_Task directions_:
Further down are entries; set down exactly and only the lines from the one with "The herbs in" up to and including the one with "4. 京张铁路是我国自行设计", dropping each picture.

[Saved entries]
━━━━━━━━━━
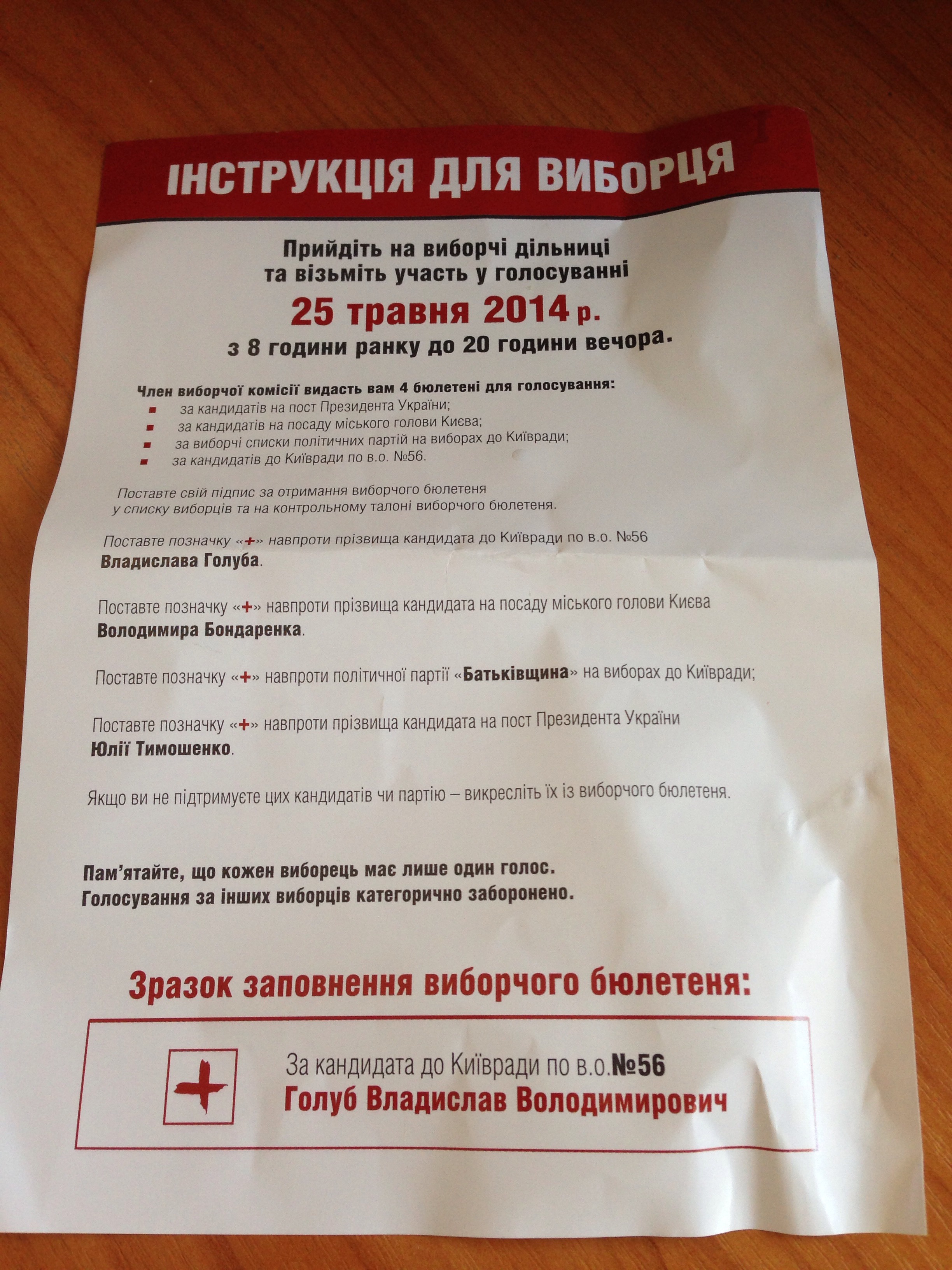 Однако. Следует различать высокое искусство пиара, и грязную и грубую предвыборную технологию порчи бюллетеней, которую предлагает избирателям партия «Батькивщина» руками господина Голуба. И вот о чем речь. Сегодня одна моя добрая знакомая нашла у себя в почтовом ящике вот такую штуку:
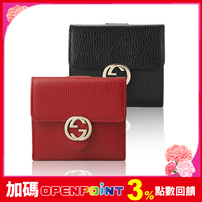 【GUCCI】經典 GG LOGO荔枝牛皮翻蓋短夾(任選)
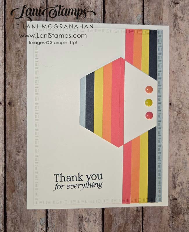 These colors are actually growing on me. I wasn’t a fan at first of most of them, but the more you use them they tend to grow on you. I kept the card simple as it was hard to use them all on one card. I know everything Stampin’ Up! does coordinates, but sometimes they don’t go together in my eye! The strips I used were 1/4″ strips of the 5 different colors. They were glued down to a piece of 5 1/4″ x 4″ basic white cardstock. Then I used a die to outline the edge and then adhered it to the basic white cardstock base.
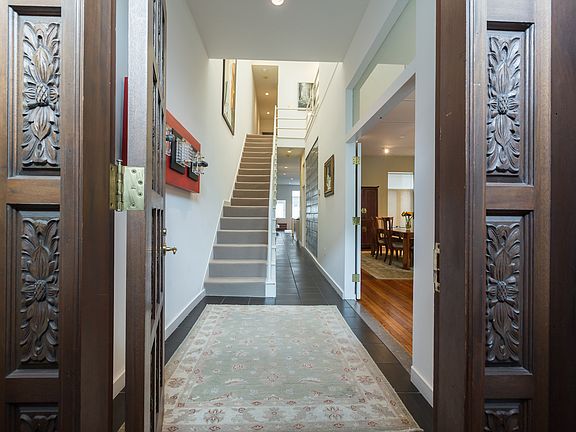 Boasting over 4,300 square feet and a large lot, this immaculate residence offers a unique combination of light, style, and space. Beyond the classic façade, the interior of the property is a contemporary masterpiece that has grand living spaces and incorporates minimalist, modern flair. The home features recessed lighting and other architecturally pleasing details throughout. Enter the residence through the handsomely-carved solid wood doors and continue to the open living and dining room. This space features original wood floors, a fireplace, and attractive built-ins. Continue into the recently-renovated gourmet kitchen with top of the line Thermador appliances, black marble countertops, ample cabinet space, a cooktop island, and a breakfast bar. The large kitchen opens to a family room with another fireplace and then to an inviting sunroom. The open living area continues outside with a gorgeous deck and a large well-lit, fenced-in patio that's great for entertaining.The second level of the home features a luxurious master suite with clerestory windows and incredible closet space. The master bath includes dual vanity sinks, a large shower with frameless glass door, and a hidden washer/dryer. In all, there are four bedrooms in the main house, three crisp, updated bathrooms, and a powder room on the main level. Accentuating all of these livable spaces is the presence of light. There are four large skylights throughout the home, oversized windows in almost every room, and morning light shines on the patio, deck, and sunroom. Completing this residence are threerear parking spaces and an attractive one-bedroom lower-level apartment with its own private patio and legal Certificate of Occupancy
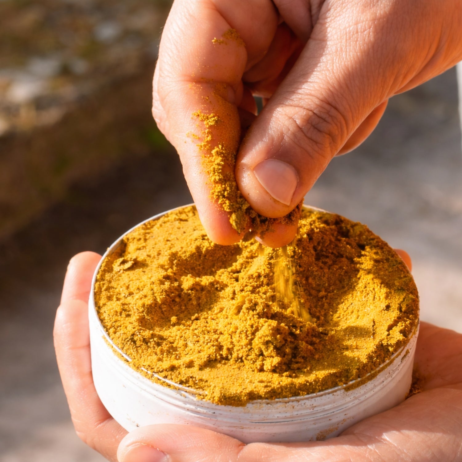The herbs in this formula — marigold, calendula, and chamomile — naturally contain plant pigments. Because they are kept in their pure, untreated form, the powder may leave a light yellow tint during application. This washes off easily with soap and water. At SERENE SNAANA, we do not chemically treat herbs to change their natural colour or aroma. Preserving botanicals in their pure form helps maintain their natural effectiveness. Storage Note :- Since the product is preservative-free, always take out the polisher with dry hands and close the jar tightly after use. This prevents moisture from entering the jar and helps keep the product fresh longer — similar to storing turmeric or cinnamon powder in the kitchen.
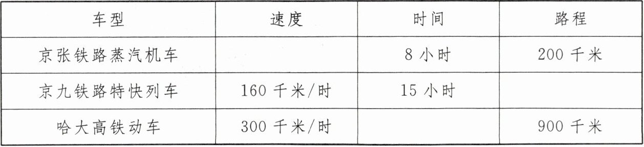4. 京张铁路是我国自行设计并建造的第一条铁路;京九铁路是我国一次性建成的最长双线铁路;哈大高铁是世界上首条高寒高铁。请将下表填写完整。
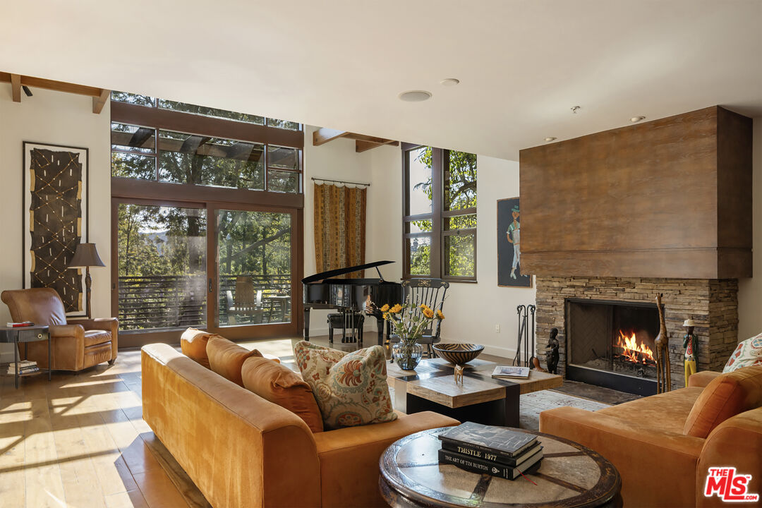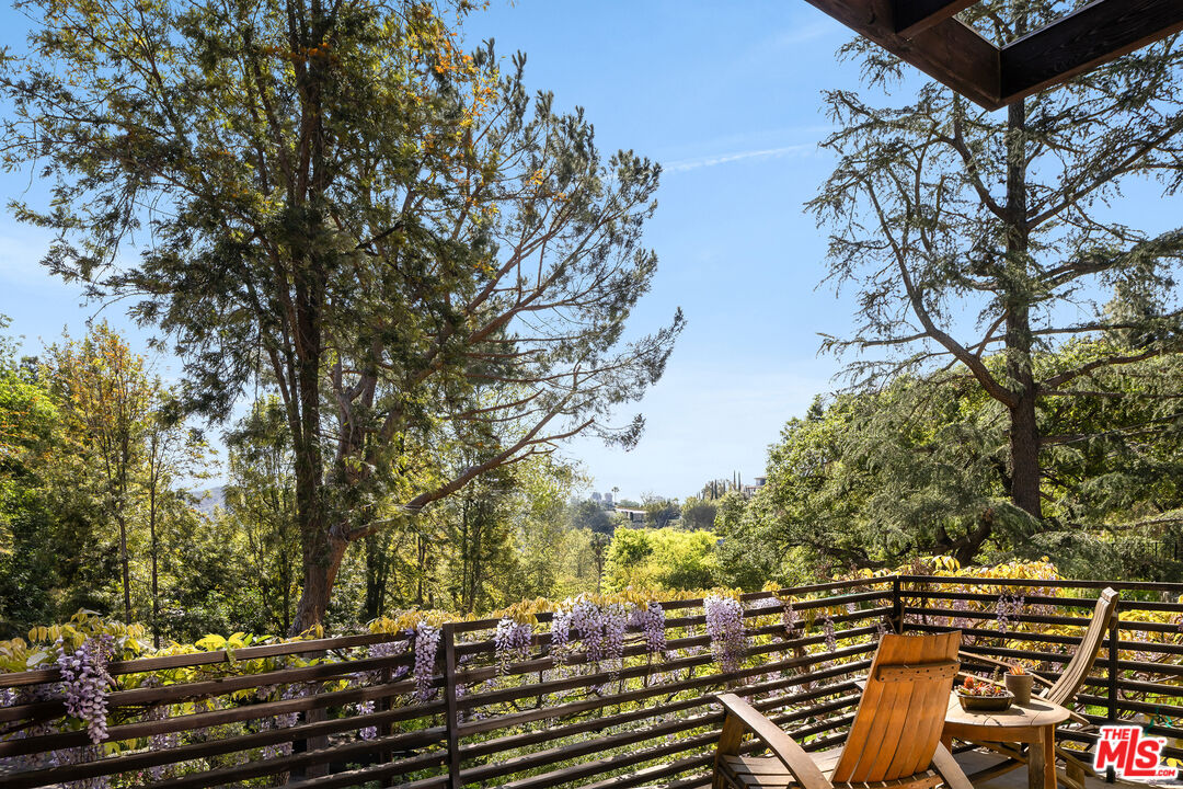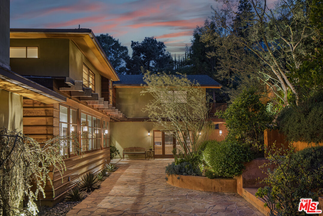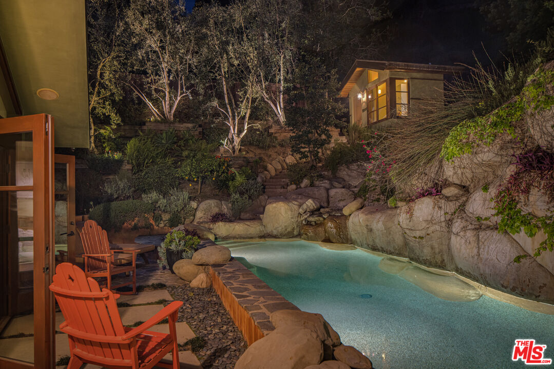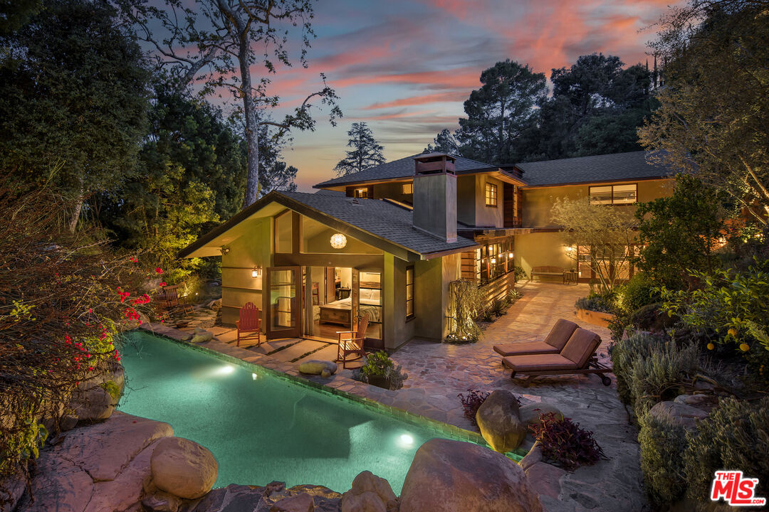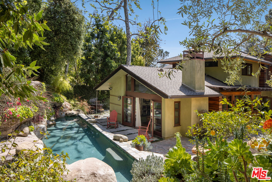 Exceptionally private and tucked at the end of a quiet cul-de-sac, this architectural retreat unfolds at the top of a long drive, surrounded by a breathtaking landscape of wild florals, mature trees, and layered landscaping. The setting feels like an enchanted garden, with a sense of peace that only deep nature and thoughtful design can provide. Floor-to-ceiling glass and large-scale windows create a seamless transition between indoors and out, allowing natural light and greenery to become a living part of the home's design. A stained-glass front entry greets with a kaleidoscope of color, leading to the grand living room boasting soaring ceilings and a dramatic sky-high gable window that creates ever-shifting light patterns as the day progresses. Wood beam accents and natural textures evoke the calm of a luxury mountain lodge, offering a true sense of escape.Nearby, the formal living room anchors the space with a wood-burning fireplace and opens through glass doors to a magical Wisteria-wrapped patio, offering treetop views and a quiet place to retreat. The dining room flows seamlessly into a warm, open kitchen centered around a handcrafted teak island and outfitted with Sub-Zero and Thermador appliances. The layout is designed for effortless connection, with the kitchen blending naturally into the home's main entertaining spaces.A glass lined gallery leads to the primary suite, offering a serene perch that looks out onto the lush gardens beyondan idyllic nook for reading or reflection. The primary bedroom is deeply tranquil, enveloped by the sound of cascading water from the nearby waterfall feature and the dappled shade of woodland-like greenery just beyond its doors. With its own fireplace, vaulted ceiling, and direct access to the backyard grounds, it functions as a private haven within the home. The spa-like en-suite bath includes dual vanities, a soaking tub with backyard views, separate shower and bidet, and a generous walk-in closet. Upstairs, a secondary suite offers sweeping views of the hillside and surrounding treetops, while two additional guest rooms, one with a balcony, share a large jack-and-jill bath. A lofted office above the living room serves as an inspiring perch, with treetop views, library shelving, and a soft soundtrack of birdsong that turns everyday tasks into a moment of calm.Outside, the home unfolds into a layered garden experience, with distinct spaces for dining, lounging, and quiet conversationevoking the timeless romance of Tuscany. A tall, ivy-draped wall frames a volcanic-stone fireplace with a custom heat-reflecting metal surround, anchoring the outdoor entertaining area with warmth and ambiance. Nearby, a built-in barbecue, alfresco dining table, and relaxed seating lounge complete the setting. The pool and spa are framed by natural rockwork and thoughtful landscaping, accompanied by a treehouse-inspired cabana with a full bathroom and sunbathing terraces tucked into private corners along the property. A lower-level garage offers two-car parking and connects discreetly beneath the home through a separate entry.Every detail from the tactile richness of the materials to the way light drifts through glass and foliagehas been composed to honor the landscape and evoke a sense of peace throughout the home. There's a transportive quality, as though it exists slightly outside of time: serene, enveloped, almost dreamlike.
━━━━━━━━━━
_Written answer_:
The herbs in this formula — marigold, calendula, and chamomile — naturally contain plant pigments. Because they are kept in their pure, untreated form, the powder may leave a light yellow tint during application. This washes off easily with soap and water. At SERENE SNAANA, we do not chemically treat herbs to change their natural colour or aroma. Preserving botanicals in their pure form helps maintain their natural effectiveness. Storage Note :- Since the product is preservative-free, always take out the polisher with dry hands and close the jar tightly after use. This prevents moisture from entering the jar and helps keep the product fresh longer — similar to storing turmeric or cinnamon powder in the kitchen.
4. 京张铁路是我国自行设计并建造的第一条铁路;京九铁路是我国一次性建成的最长双线铁路;哈大高铁是世界上首条高寒高铁。请将下表填写完整。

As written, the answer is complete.